- [Collected data entries]:
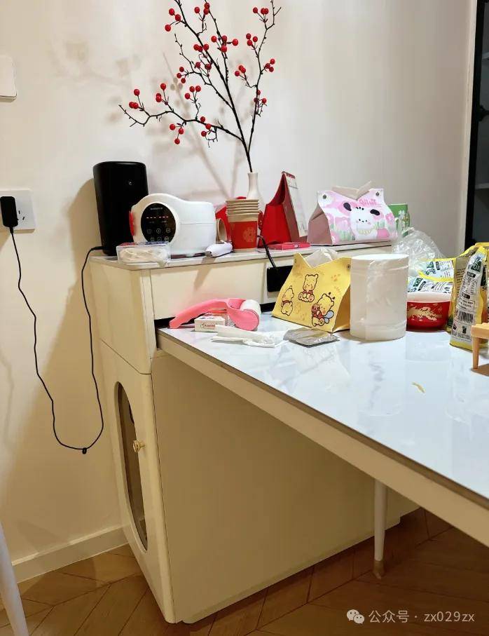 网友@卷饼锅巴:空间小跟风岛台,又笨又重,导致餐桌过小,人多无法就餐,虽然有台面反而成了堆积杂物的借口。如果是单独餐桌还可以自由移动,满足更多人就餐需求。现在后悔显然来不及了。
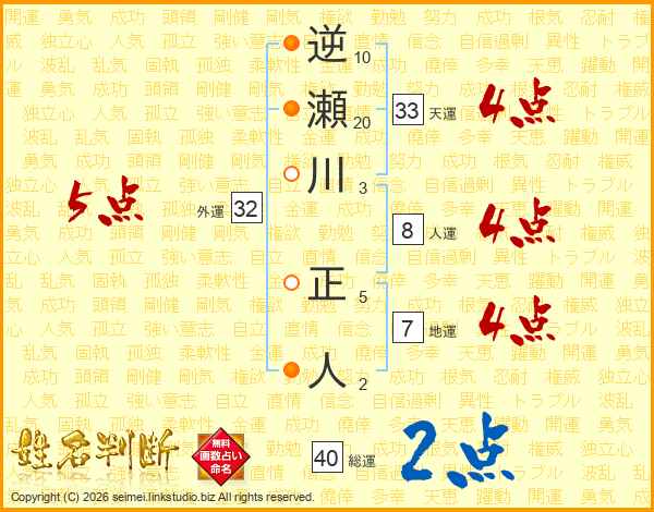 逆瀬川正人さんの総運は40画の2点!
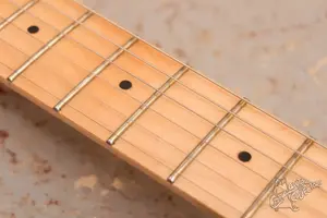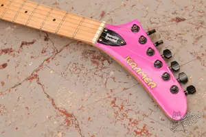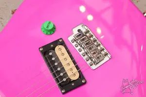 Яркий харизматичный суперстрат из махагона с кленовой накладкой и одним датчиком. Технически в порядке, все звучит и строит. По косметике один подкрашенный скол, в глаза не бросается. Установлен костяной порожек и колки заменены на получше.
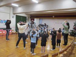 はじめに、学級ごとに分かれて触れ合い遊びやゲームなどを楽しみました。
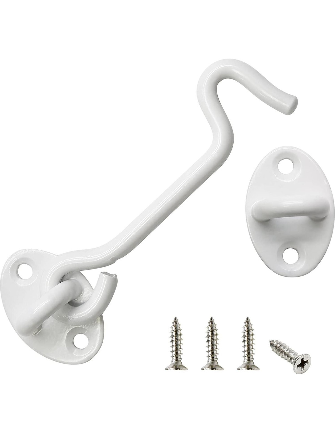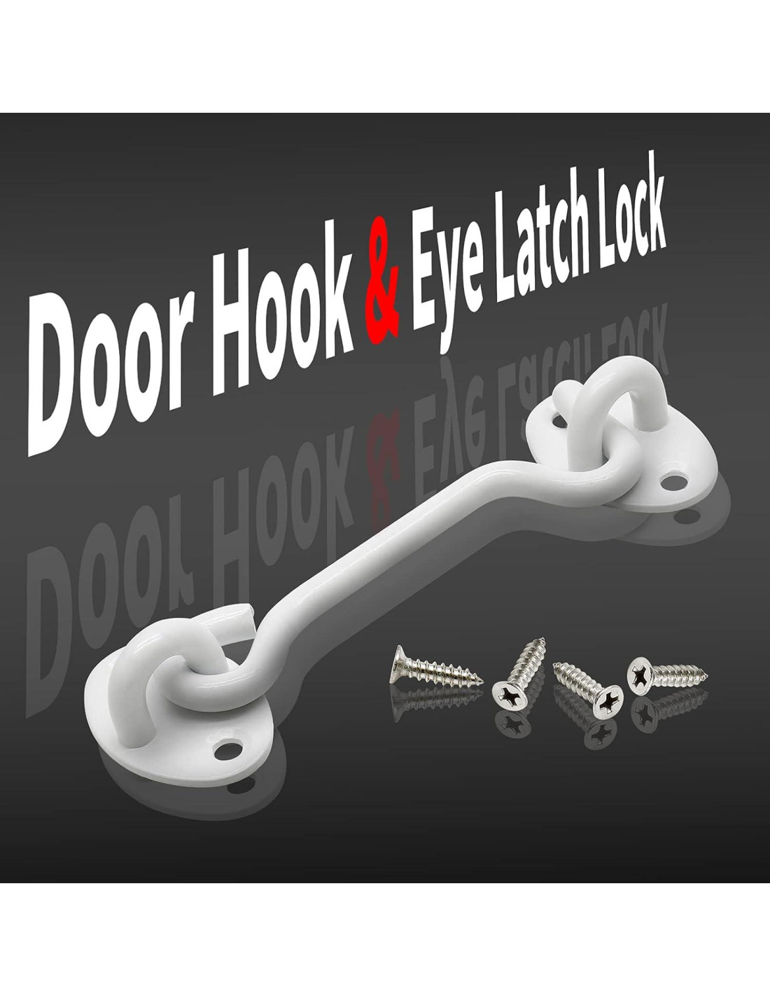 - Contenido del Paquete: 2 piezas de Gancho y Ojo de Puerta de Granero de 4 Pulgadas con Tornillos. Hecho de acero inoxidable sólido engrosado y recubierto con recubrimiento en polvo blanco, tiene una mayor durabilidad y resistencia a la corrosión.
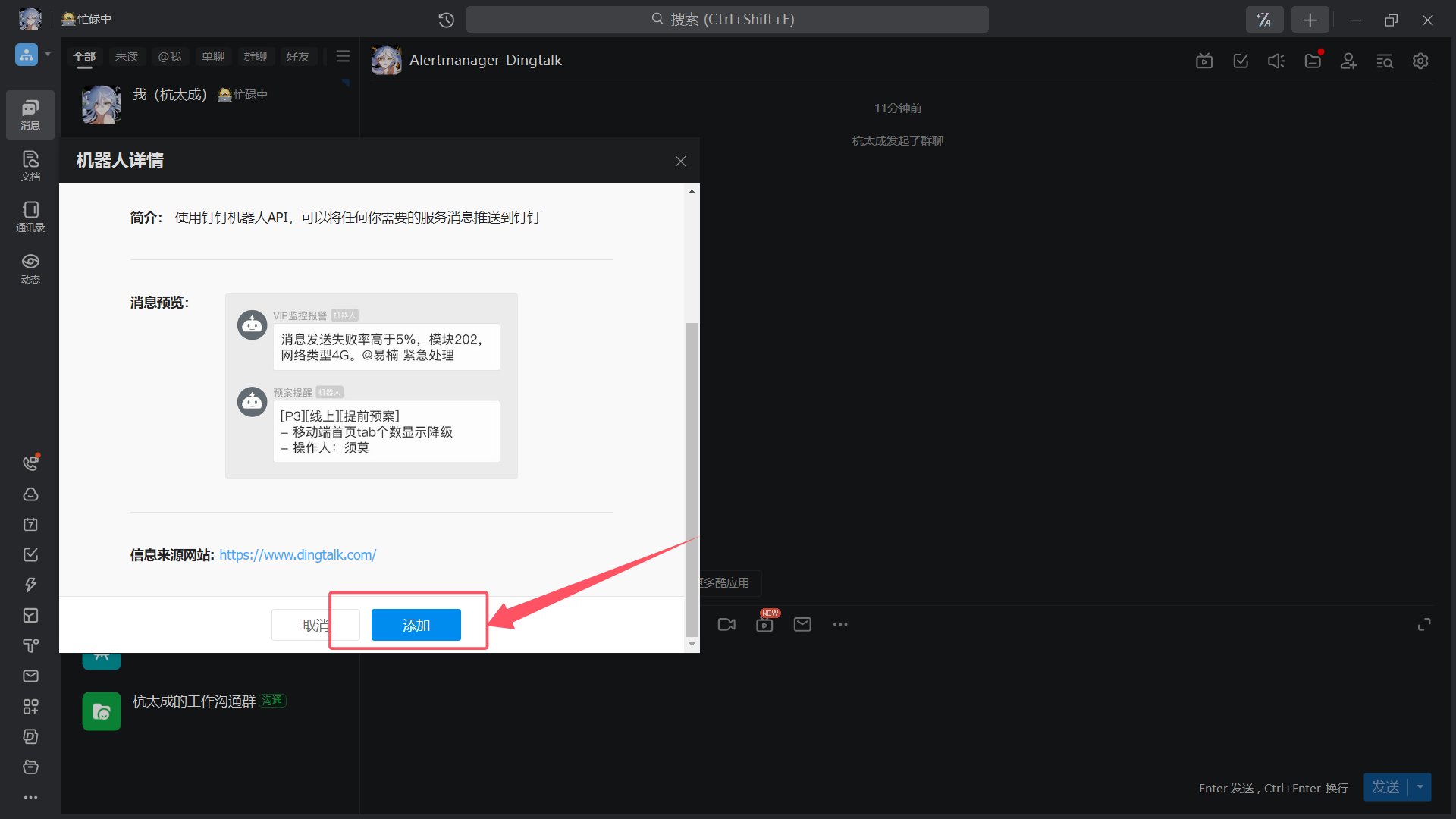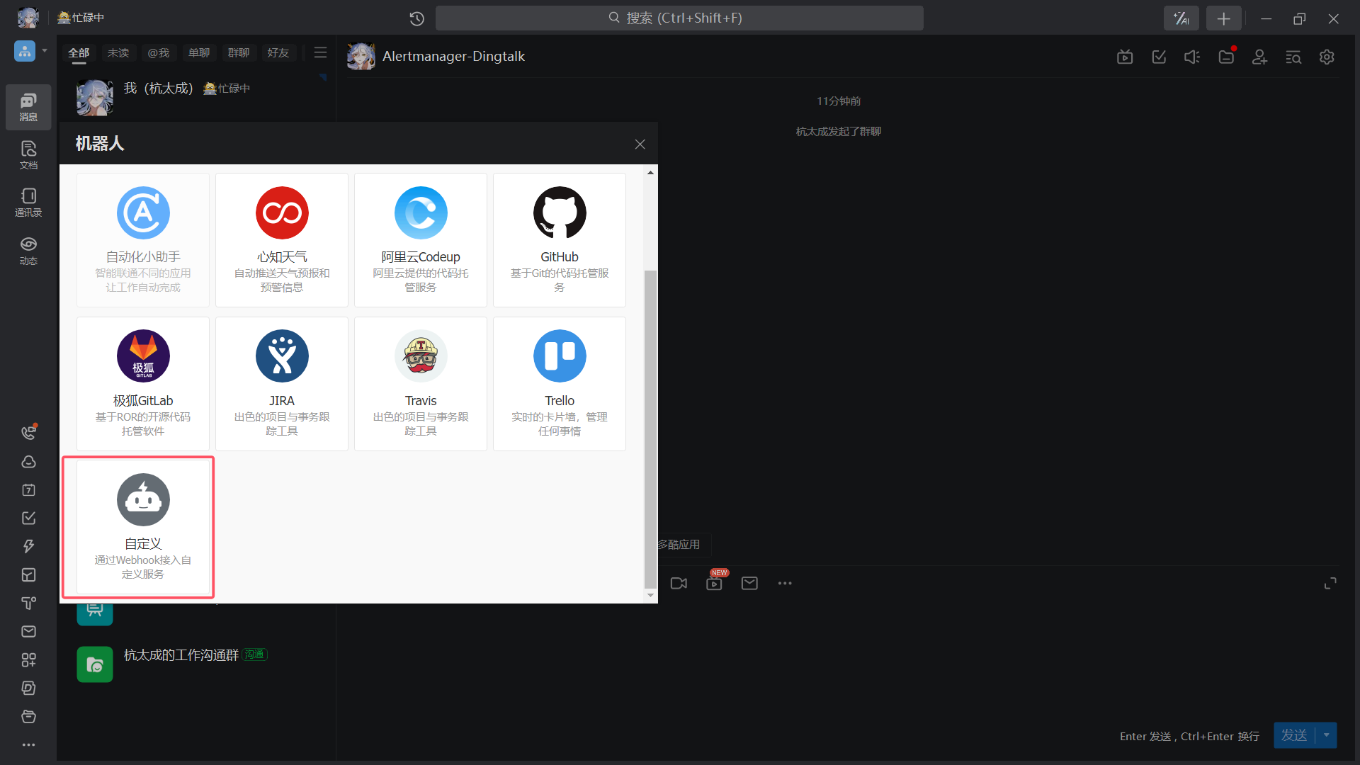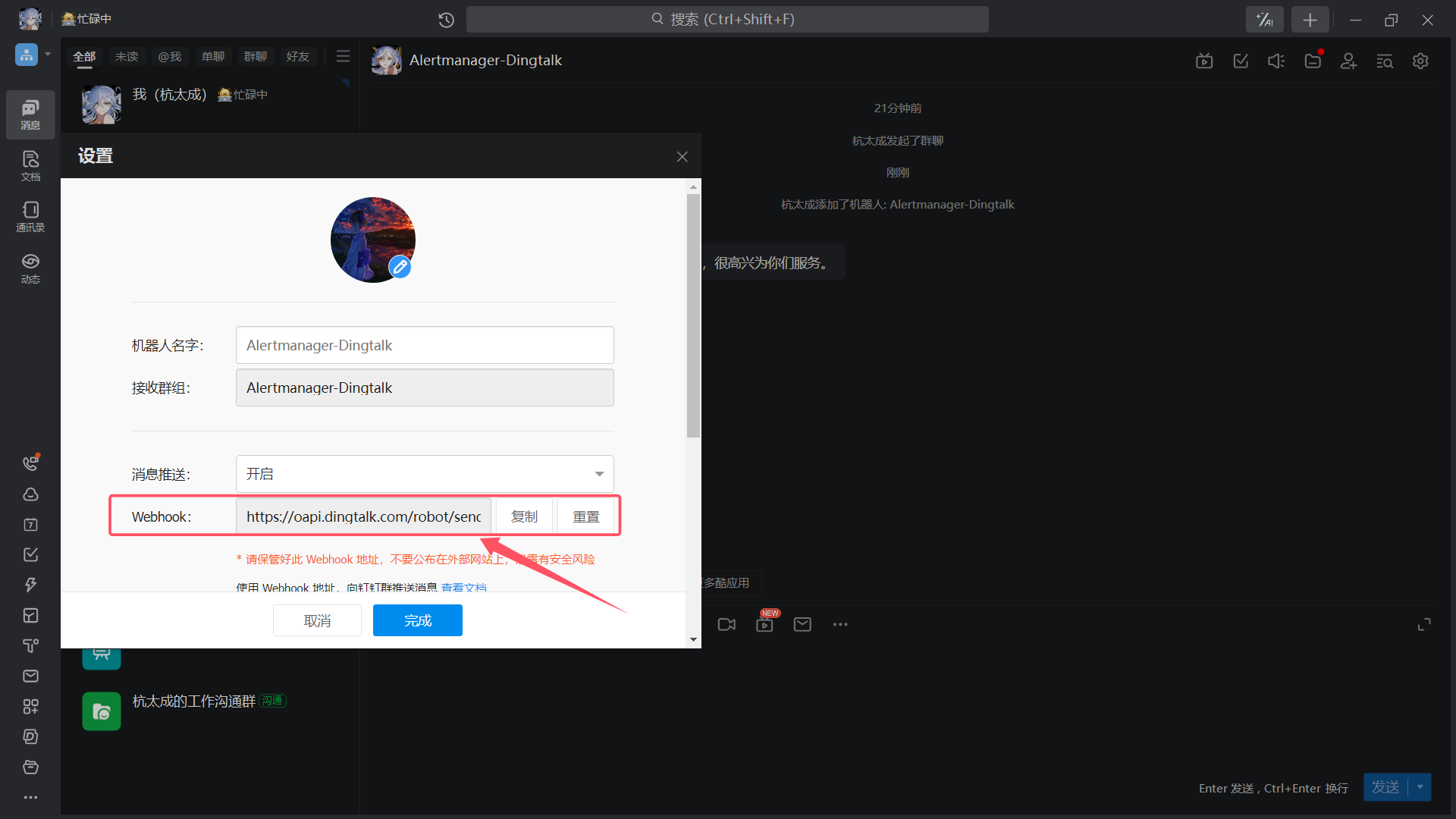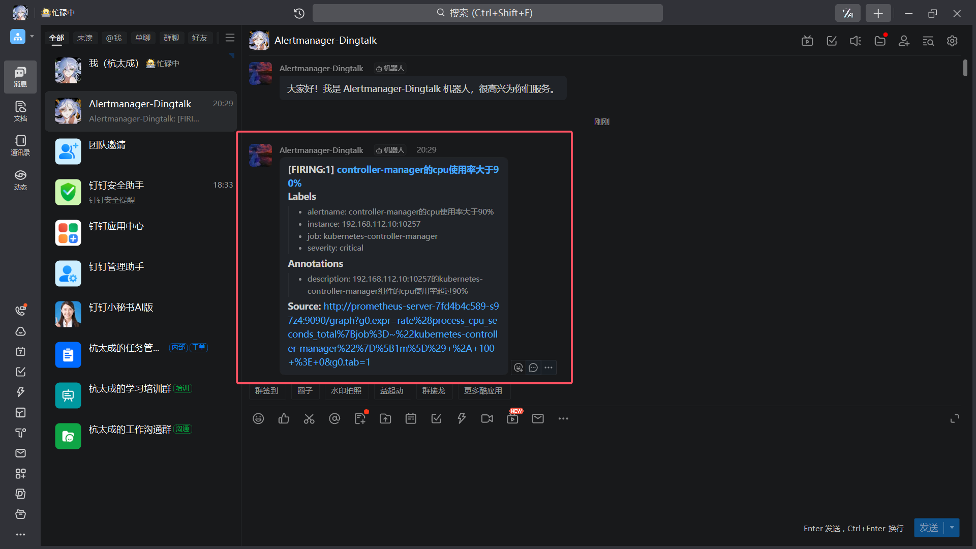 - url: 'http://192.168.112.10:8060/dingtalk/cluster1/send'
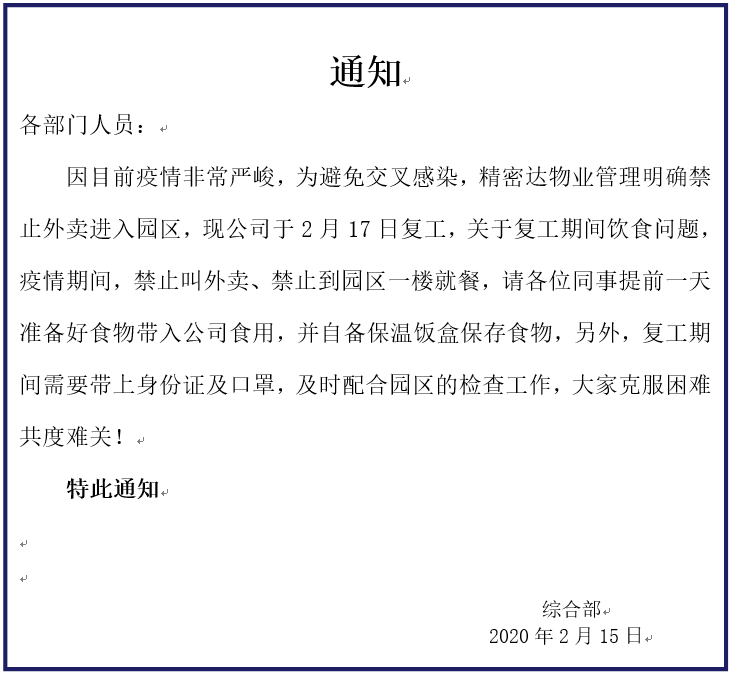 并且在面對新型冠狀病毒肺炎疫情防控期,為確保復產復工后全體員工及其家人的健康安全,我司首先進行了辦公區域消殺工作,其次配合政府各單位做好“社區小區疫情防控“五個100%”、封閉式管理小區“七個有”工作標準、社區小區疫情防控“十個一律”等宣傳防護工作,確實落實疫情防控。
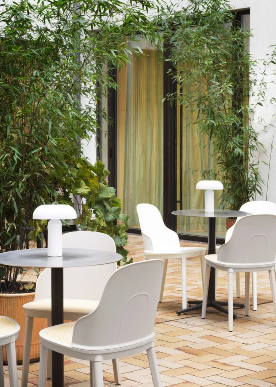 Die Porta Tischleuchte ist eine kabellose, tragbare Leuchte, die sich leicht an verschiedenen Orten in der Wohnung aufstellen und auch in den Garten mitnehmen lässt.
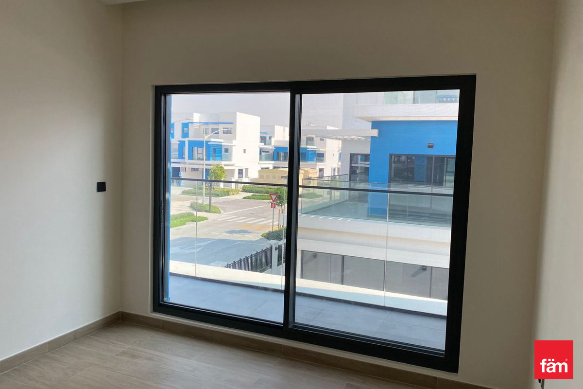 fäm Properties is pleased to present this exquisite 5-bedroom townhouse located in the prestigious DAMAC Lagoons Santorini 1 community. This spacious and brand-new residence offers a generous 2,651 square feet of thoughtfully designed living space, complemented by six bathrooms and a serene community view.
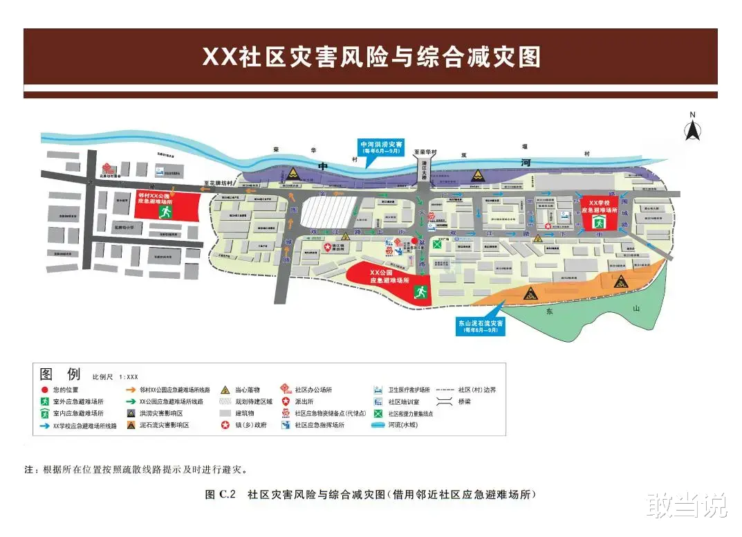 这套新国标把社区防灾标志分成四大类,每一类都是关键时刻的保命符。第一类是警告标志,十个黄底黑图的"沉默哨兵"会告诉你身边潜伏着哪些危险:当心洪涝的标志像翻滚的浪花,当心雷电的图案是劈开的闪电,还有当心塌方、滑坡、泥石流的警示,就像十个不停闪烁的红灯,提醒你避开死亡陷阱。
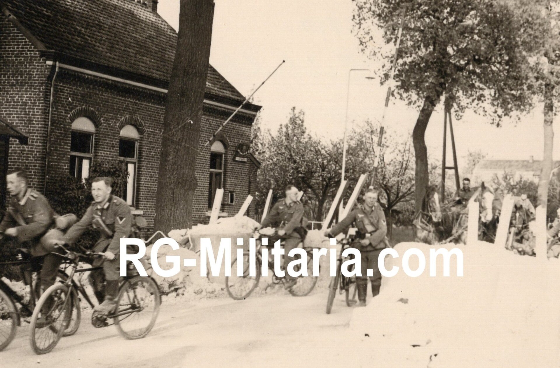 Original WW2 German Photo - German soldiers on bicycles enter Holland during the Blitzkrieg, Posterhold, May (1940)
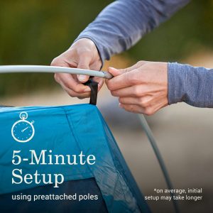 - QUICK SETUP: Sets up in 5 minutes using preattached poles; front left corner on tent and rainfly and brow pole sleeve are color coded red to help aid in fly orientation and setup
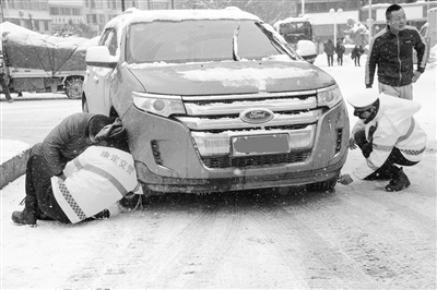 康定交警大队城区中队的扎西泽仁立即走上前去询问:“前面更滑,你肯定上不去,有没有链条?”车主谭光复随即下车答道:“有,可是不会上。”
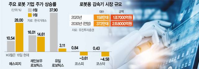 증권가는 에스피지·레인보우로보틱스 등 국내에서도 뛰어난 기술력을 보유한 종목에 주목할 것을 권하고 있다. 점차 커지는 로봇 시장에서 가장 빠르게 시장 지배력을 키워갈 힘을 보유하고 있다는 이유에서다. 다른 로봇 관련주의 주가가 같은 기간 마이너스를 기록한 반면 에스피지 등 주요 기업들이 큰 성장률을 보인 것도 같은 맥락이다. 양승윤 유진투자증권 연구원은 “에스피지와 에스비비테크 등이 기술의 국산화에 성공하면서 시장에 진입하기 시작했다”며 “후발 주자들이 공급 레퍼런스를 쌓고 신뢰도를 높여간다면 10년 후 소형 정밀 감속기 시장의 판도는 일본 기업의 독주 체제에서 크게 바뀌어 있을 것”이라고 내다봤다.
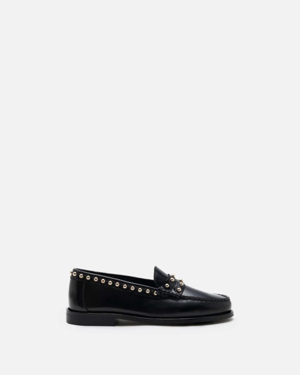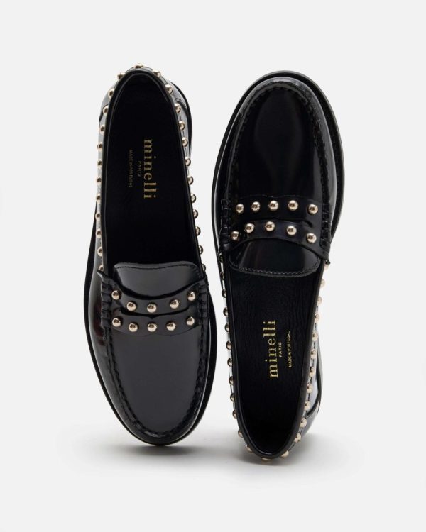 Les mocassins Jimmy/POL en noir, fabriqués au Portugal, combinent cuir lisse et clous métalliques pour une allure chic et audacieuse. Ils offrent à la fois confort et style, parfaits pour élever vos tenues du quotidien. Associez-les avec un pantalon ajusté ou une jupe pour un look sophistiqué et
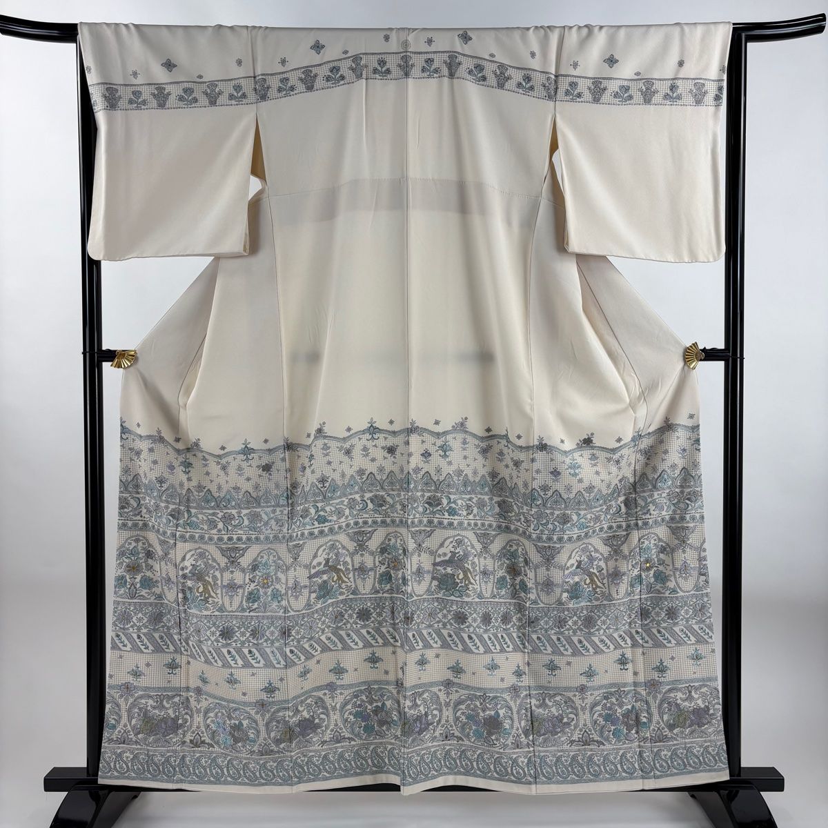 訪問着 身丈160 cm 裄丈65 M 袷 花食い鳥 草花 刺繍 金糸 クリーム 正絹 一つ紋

- [Exercise instructions]: Take the lines from the start of the entries through the line containing "- url: 'http://192.168.112.10:8060/dingtalk/cluster1/send'" and set them down exactly, leaving out every picture.

- [Response area]:
 网友@卷饼锅巴:空间小跟风岛台,又笨又重,导致餐桌过小,人多无法就餐,虽然有台面反而成了堆积杂物的借口。如果是单独餐桌还可以自由移动,满足更多人就餐需求。现在后悔显然来不及了。
 逆瀬川正人さんの総運は40画の2点!
 Яркий харизматичный суперстрат из махагона с кленовой накладкой и одним датчиком. Технически в порядке, все звучит и строит. По косметике один подкрашенный скол, в глаза не бросается. Установлен костяной порожек и колки заменены на получше.
 はじめに、学級ごとに分かれて触れ合い遊びやゲームなどを楽しみました。
 - Contenido del Paquete: 2 piezas de Gancho y Ojo de Puerta de Granero de 4 Pulgadas con Tornillos. Hecho de acero inoxidable sólido engrosado y recubierto con recubrimiento en polvo blanco, tiene una mayor durabilidad y resistencia a la corrosión.
 - url: 'http://192.168.112.10:8060/dingtalk/cluster1/send'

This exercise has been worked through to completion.